Belarus faces a financial crisis as demand for foreign currencies has spiked amid a month of anti-Lukashenko protests.

Russia's Prime Minister Mikhail Mishustin and Finance Minister Anton Siluanov Mikhail Japaridze / TASS

Russia has ordered state-controlled banks to ensure a plentiful supply of cash to banks in Belarus, Reuters reported Wednesday.

The news agency said Prime Minister Mikhail Mishustin and Russia’s Finance Minister told executives at state-owned lenders Sberbank, VTB and VEB to ensure their units in Belarus are well stocked with Russian rubles as ongoing protests have triggered a large-scale withdrawal of deposits and threaten to spark a financial crisis in Russia’s post-Soviet neighbor.

Belarus’ foreign reserves fell by $1.4 billion — or around 15% — in August as demand for hard currencies leaped amid the unprecedented political unrest that broke out after President Alexander Lukashenko claimed a landslide victory in last month’s elections.

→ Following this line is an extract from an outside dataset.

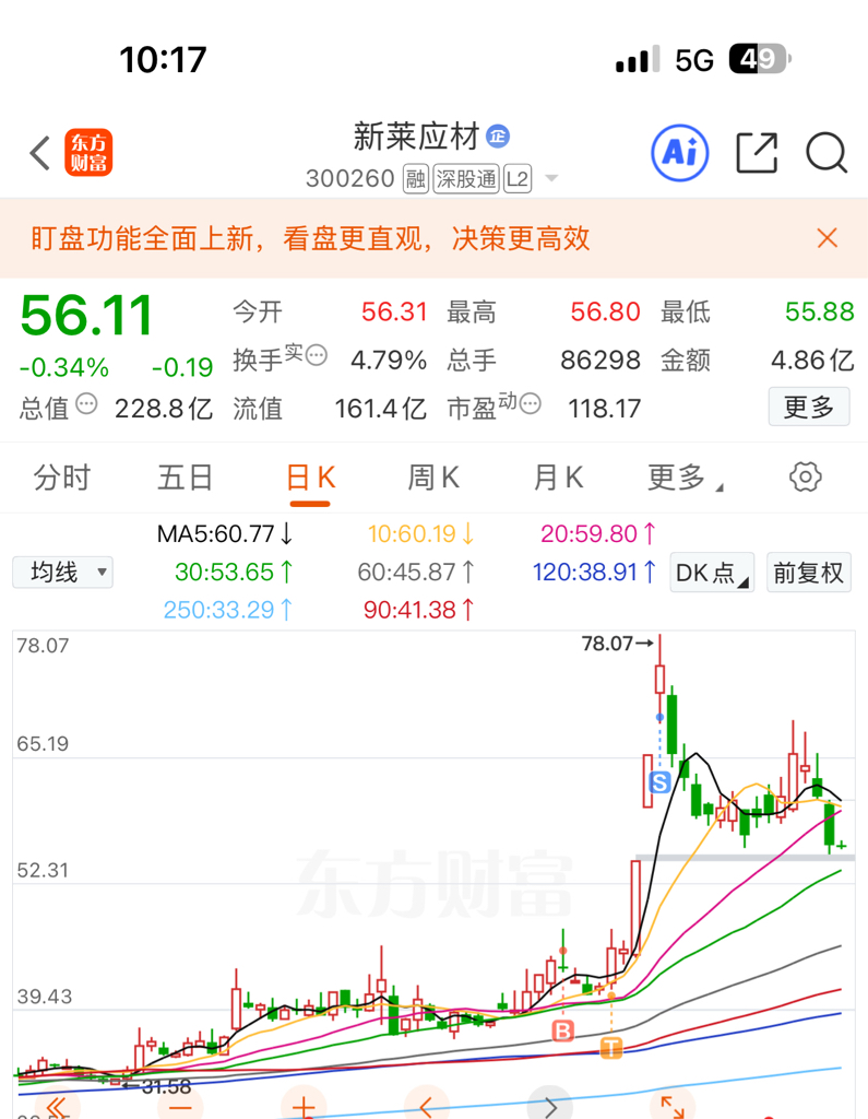 $新莱应材(SZ300260)$ 五十建仓,等的着急

The latest instructions concern interbank lending of Russian rubles from the parent banks of Russian state-controlled lenders to their Belarusian subsidiaries, according to two banking sources Reuters interviewed.

VTB and VEB said it had not changed its interbank funding lines, while Sberbank and the Belarus Central Bank did not respond to requests to comment.